Building Machine Learning Pipelines with the FTI Architecture: A Practical Step-by-Step Guide

Published in

Data Engineer Things

8 min readDec 2, 2024

Source: “LLM Engineer’s Handbook” by Paul Iusztin and Maxime Labonne

In the world of data engineering and machine learning, designing scalable and maintainable pipelines is critical. While the model itself often garners the most attention, it is the infrastructure surrounding it that enables reliable, efficient, and reusable machine learning systems. The FTI (Feature, Training, Inference) architecture provides a structured approach to building modular ML pipelines by separating them into three independent components: Feature, Training, and Inference pipelines.

In this guide, we will dive into the FTI architecture, its benefits, and how to implement it step by step. By the end, you’ll have a practical understanding of how to create scalable pipelines for feature engineering, model training, and real-time inference.

1. What is the FTI Architecture?

The FTI (Feature, Training, Inference) architecture is a powerful framework for designing scalable, modular, and maintainable machine learning systems. It divides the pipeline into three distinct stages: Feature Pipeline, Training Pipeline, and Inference Pipeline, each with its unique responsibilities. This separation ensures that machine learning workflows are not only easier to build and manage but also more efficient and consistent.
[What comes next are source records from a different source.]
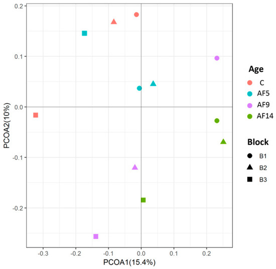 Principal coordinate analysis (PCoA) plot showing patterns of β-diversity in bacterial communities (OTU, operational taxonomic units level) of different agroforestry ages. C = crop monoculture; AF5 = 5-year-old walnut-based agroforestry; AF9 = 9-year-old walnut-based agroforestry; AF14 = 14-year-old walnut-based agroforestry.
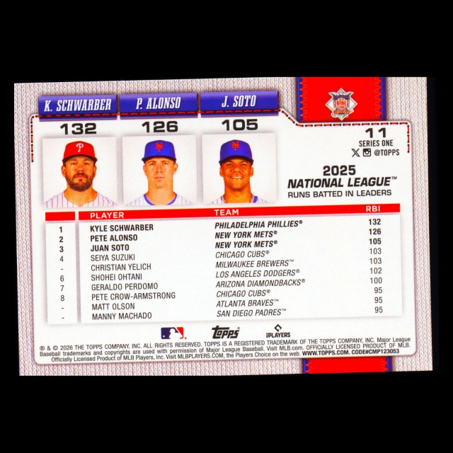 Alonso - Kyle Schwarber - Soto 2026 Topps League Leaders Mets - Phillies - Mets
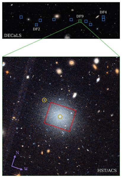 Астрономы из Йельского университета обнаружили третью галактику, практически лишённую тёмной материи, что подтверждает теорию о «жестоких космических столкновениях». Галактика NGC 1052-DF9 (DF9), расположенная в созвездии Кита, стала частью уникальной цепочки объектов, включающей ранее найденные DF2 и DF4. Эти галактики бросают вызов стандартным космологическим моделям, где тёмная материя считается обязательным компонентом формирования галактик.
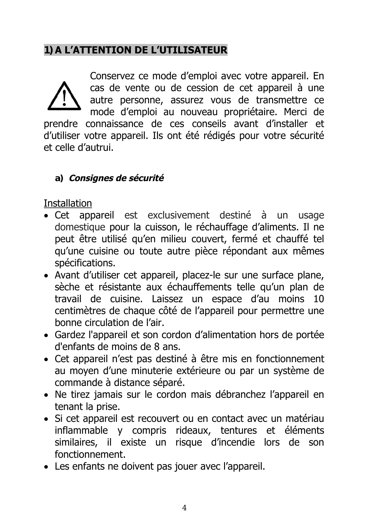 1) À L'ATTENTION DE L'UTILISATEUR 4
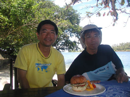 ダイビングショップはアクアベンチャーです。ジェイスアーベンリゾート内にあり、オーストラリア人夫妻により経営されているようです。(オーナーなのか、どうかは知りませんが。。。)1日3ボート+セルフフリーが基本パターンかな?午前2本潜り、ランチはリゾートに戻ります。ダイビングショップ横にバーがあり、ランチタイムにやってるレストランはここだけです。(朝夕はレセプション前のレストランのみ、、、) 初日に食べたチキンバーガーです。 でっかいです。ビッグマックもびっくりです。絶対、口に入りません。。。味がとびきり良いわけでもないのに高いんです。。。パプアニューギニア、物価高すぎです。。。このバーガーが20キナ(1キナ=約45円)もするんですよ。。。リゾートって言っても全然大したホテルじゃないのに。。。残り5日のうち、2日は町の中華レストランへ。3日間は、卵サンドをたべてました。 これで、750円くらいかな。。。でも、まあ、これは食べられました。面白いのは、3日続けて卵サンドを食べたんですが、はさんである卵が毎日、変わってました。卵焼きゆで卵目玉焼きって感じで。メニュー思いっきり少ないからこれで、バリエーション出してるのかな?デザートに、アイスを食べたこともあります。アイスはまあ、安い方です。 これで5キナ=約250円3人で1個ずつ頂きました。でも、待てよ。私らおじさんは1個で充分すぎる大きさで、何の疑いもなく、1個ずつにしましたが、もしかして、mayukaさんは一人で全部食べたかったかも???味はなつかしい素朴な感じのアイスでした。食べるもんは。。。ですが、景色は素朴で鳥の声だけが聞こえる静かなぼ~っとしてるとなんか、幸せな気分になる良いランチバーでした。
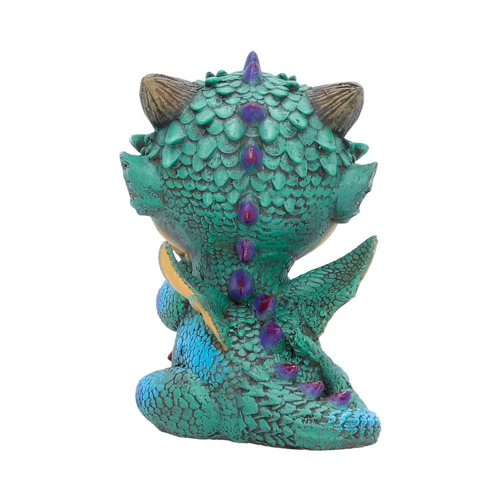 Sitting upright with wide, curious eyes and gently clutching a detailed red rose, Cinders captures that magical blend of innocence and fantasy charm. The vibrant green, blue and golden tones are expertly hand-painted to highlight every textured scale, delicate wing and expressive feature.
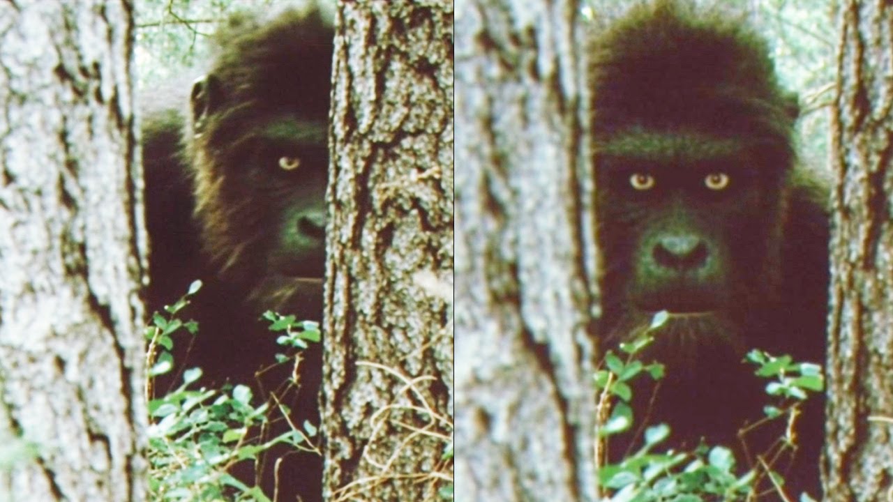 It was huge. Eight feet at least. Covered in dark fur that swallowed light. Upright like a man, but wrong in every proportion that makes a man look human—arms too long, hanging past the knees; shoulders too broad; head sitting on those shoulders with barely any neck.
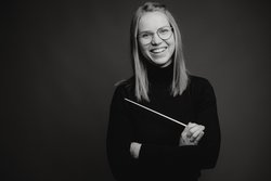 Doreen Donchi Ehrenhuber dirigiert für ihr öffentliches Examenskonzert die Stadtkapelle Memmingen.
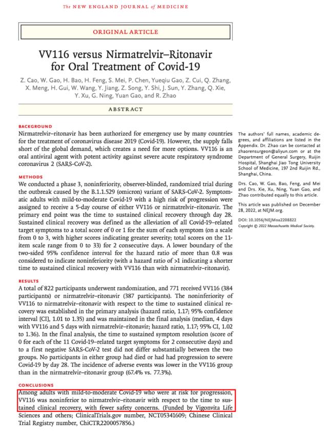 VV116的试验成果能够在《新英格兰》医学杂志发表,这意味着,它得到了国际医学界的认可。要知道,《新英格兰》是全球影响因子排名第一的顶尖权威期刊。未来,VV116将不只是供应于中国市场,还将打入国际市场,和辉瑞Paxlovid一样供应全球,为全人类对抗新冠病毒提供更多的新工具,向世界贡献中国智慧。

The Feature Pipeline is the foundation of the FTI architecture. It is responsible for transforming raw data into engineered features that are ready for both training and inference. This involves:

Data Extraction: Retrieving raw data from various sources, such as relational databases, APIs, or data lakes. This part can be separated from the Feature Pipeline.
Feature Engineering: Performing transformations like aggregations, scaling, encoding, and computing derived metrics.
Feature Storage: Saving the processed features in a feature store (e.g., Feast, Hopsworks) for reuse during training and inference.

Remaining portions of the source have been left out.